L'occasione è buona per andare in uno di quei posti che rimandi sempre perché al di fuori dello standard solito delle nostre camminate.
E' capitato questo.
Il meno giovane della Compagnia dell'Anello, Angelo, oggi festeggia i suoi "quatre-vingts ans" (pare che detto alla francese faccia meno “sgiai” degli ottant'anni italiani) e ci offre un ottimo pranzetto presso la sempre ottima “Osteria dalla Badessa” di Montefallonio.
Ma non sia mai detto che di giovedì non facciamo una camminata! E allora dobbiamo inventarci un percorso “aperipranzo” che ci stuzzichi l'appetito.
Guardando le mappe dei bric attorno a Montefallonio scopriamo il Poggio Castelvecchio, che non è un bric qualsiasi, ma addirittura, leggiamo sul sito internet di Archeocarta – la carta archeologica della Regione Piemonte – che nel territorio attualmente appartenente al Comune di Peveragno si sono succeduti in tempi e località diverse tre nuclei abitativi differenti. Il primo fu Castelvecchio (Castrum vetelum), situato nelle zone collinose dove attualmente è la frazione di Montefallonio.
Le testimonianze archeologiche permettono di ipotizzare qui il primo momento di arroccamento e rifugio delle popolazioni locali alle sempre più frequenti scorrerie barbariche di quel periodo, dando vita ad un villaggio fortificato, di epoca tardo-romana (IV secolo D.C).
I successivi insediamenti peveragnesi riguardano il Castello di Forfice, situato nel territorio della frazione Madonna dei Boschi, che compare per la prima volta in un documento del 1151 e in seguito il nuovo villaggio del Castello e la Villa di Peveragno il cui nome compare per la prima volta in un rogito notarile datato 25 settembre 1299.
Ci troviamo quindi a Montefallonio, frazione di Peveragno, il cui nome origina da Monte dei Felloni, dei Ribelli, appellativo comparso dal XIII secolo anche in altre zone italiane in riferimento al diritto medievale, come sinonimo di rottura della fedeltà di vassallaggio tra sovrano e feudatario, evento che qui potrebbe essersi verificato nel periodo di domino dei Marchesi di Monferrato.
Ma veniamo al nostro giro.
Partiamo dal parcheggio dell'Osteria dalla Badessa in Via Valcucca e, zaino in spalla, torniamo verso la chiesa della Madonna delle Grazie imboccando verso sinistra Via Ciarma tra le villette in salita fino ad un bivio ove sulla sinistra, in prossimità della cascina Paralù, si stacca una sterrata che la palina segnaletica indica come “Via dei Morti” con destinazione Pradeboni.

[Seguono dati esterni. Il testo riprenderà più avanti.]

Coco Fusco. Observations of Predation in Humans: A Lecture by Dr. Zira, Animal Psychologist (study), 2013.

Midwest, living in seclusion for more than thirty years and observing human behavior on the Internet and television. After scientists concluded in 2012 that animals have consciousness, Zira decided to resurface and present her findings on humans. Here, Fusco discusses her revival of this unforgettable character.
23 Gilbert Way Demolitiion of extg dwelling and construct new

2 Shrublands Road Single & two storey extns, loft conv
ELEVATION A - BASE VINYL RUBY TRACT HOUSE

E il nome della via non è a caso, ma dovuto alla strada percorsa un tempo durante i funerali per il trasporto dei defunti al cimitero.
La strada con buon fondo s'inoltra dapprima tra i prati, già di un brillante verde smeraldo evidenziato dal candore della cornice sul crinale di vetta della Bisalta, poi s'inoltra nella Valle Ramblera inoltrandosi nel bosco di latifoglie, in prevalenza castagni.

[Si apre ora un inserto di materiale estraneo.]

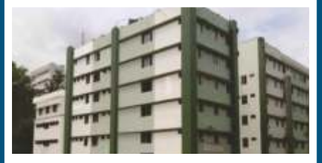
KMCT Ayurveda Medical College, Calicut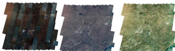
Figure 2 Mosaic uniform color process of K50

Figure 2 is the Mosaic uniform color process of ZY3 satellite image of K50. Figure (a) is the fusion image. Figure (b) is the adjustment of edge effect after GXL-PCI software, and the adjacent images are uniformly over. Figure (c) is to reduce the result of figure (b) to 20m, and the image size is reduced to 3-4GB. Through reference image formed after artificial color mixing, the output of ColorMapping software is used.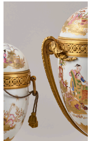
Set of three "Chinese" vases sold to Queen Marie-Antoinette between 1774 and 1776, Manufacture de Sèvres, Palace of Versailles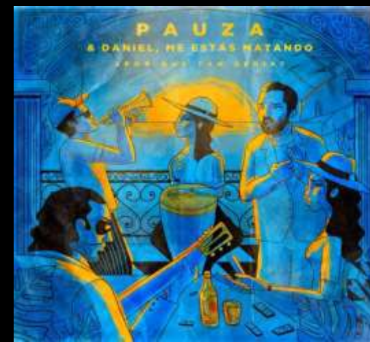
¿Por Qué Tan Seria? (+239k)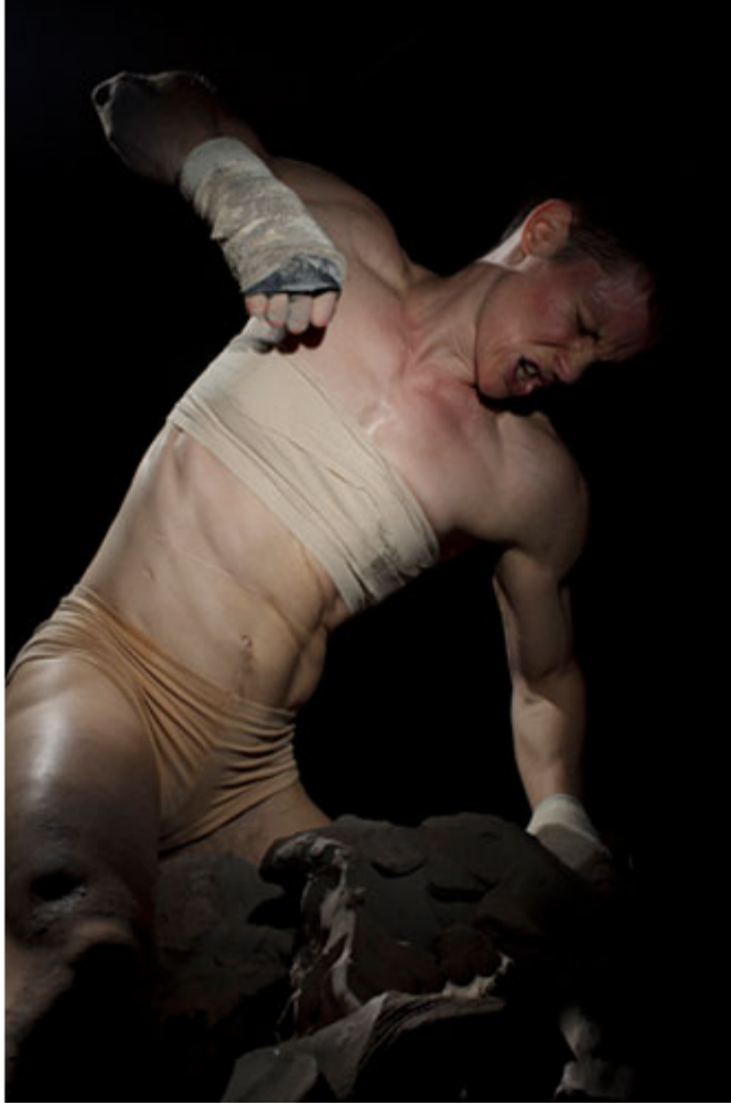
Becoming An Image Performance Still No. 1 (ONE National Archives, Transactivations, Los Angeles), 2012. C-print face mounted to Plexiglas, 45 x 30 in.

Con una secca deviazione sulla sinistra guadiamo il Rio Fontanamora e seguiamo la Via dei Morti serpeggiante sul versante Nord-occidendale del Poggio Castelvecchio. La abbandoniamo dopo due tornanti per seguire il ripido sentiero sulla destra. Aggiriamo il versante meridionale e seguiamo una labile traccia che ci porta sullo spartiacque con il versante orientale raggiungendo per cresta il roccione di vetta affacciato sulla Bisalta nonché sulla pianura cuneese e sulla candida corona di vette che la circonda.

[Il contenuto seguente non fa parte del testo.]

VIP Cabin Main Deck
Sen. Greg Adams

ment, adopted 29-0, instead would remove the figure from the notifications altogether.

Del castello che dà nome al Poggio, oltre a qualche ammasso di pietre, rimane ben poco, ma gli studi archeologici da parte della sopraintendenza dei beni artistici, in collaborazione con l’università di Torino, hanno rilevato che Castelvecchio era validamente difeso dalle scoscese pareti rocciose su due lati, mentre era protetto su quello occidentale, più vulnerabile, da un poderoso sistema difensivo costituito da un muro in pietrame largo circa due metri e da un fossato scavato nella roccia. La sommità e i primi terrazzamenti dell’altura, ricavati dall’uomo con cospicui tagli nella pietra, furono interamente occupati da capanne, in gran parte di legno, fissate alla roccia affiorante, a volte dotate di vani seminterrati nei quali venivano conservate le granaglie.
Fornetti, scorie metalliche e grandi quantità di utensili in ferro confermano la ricchezza e la maestria tecnica degli abitanti. Le attività agricole e pastorali sono confermate dal ritrovamento, oltre che dei resti di frutti e sementi, da oltre un centinaio di oggetti e attrezzi metallici, quali campanacci per animali, zappe, pale, falcetti...
Al centro della spianata della cima, troneggia tra gli alberi un ripetitore con ai piedi, una piccola croce con originale dedica a ricordo dei celibi e delle nubili (?!).
Per trovare il Pilone di Castelvecchio bisogna scendere qualche metro sul versante orientale, ma quello che si trova è in ben misera condizione. L'infiltrazione di acqua dalla parte sommitale ha provocato lo sgretolamento e il completo distacco dell'intonaco e delle relative raffigurazioni murali sulle quattro facciate cancellando ogni elemento di riferimento utile a capire la motivazione religiosa e storica di tale manufatto.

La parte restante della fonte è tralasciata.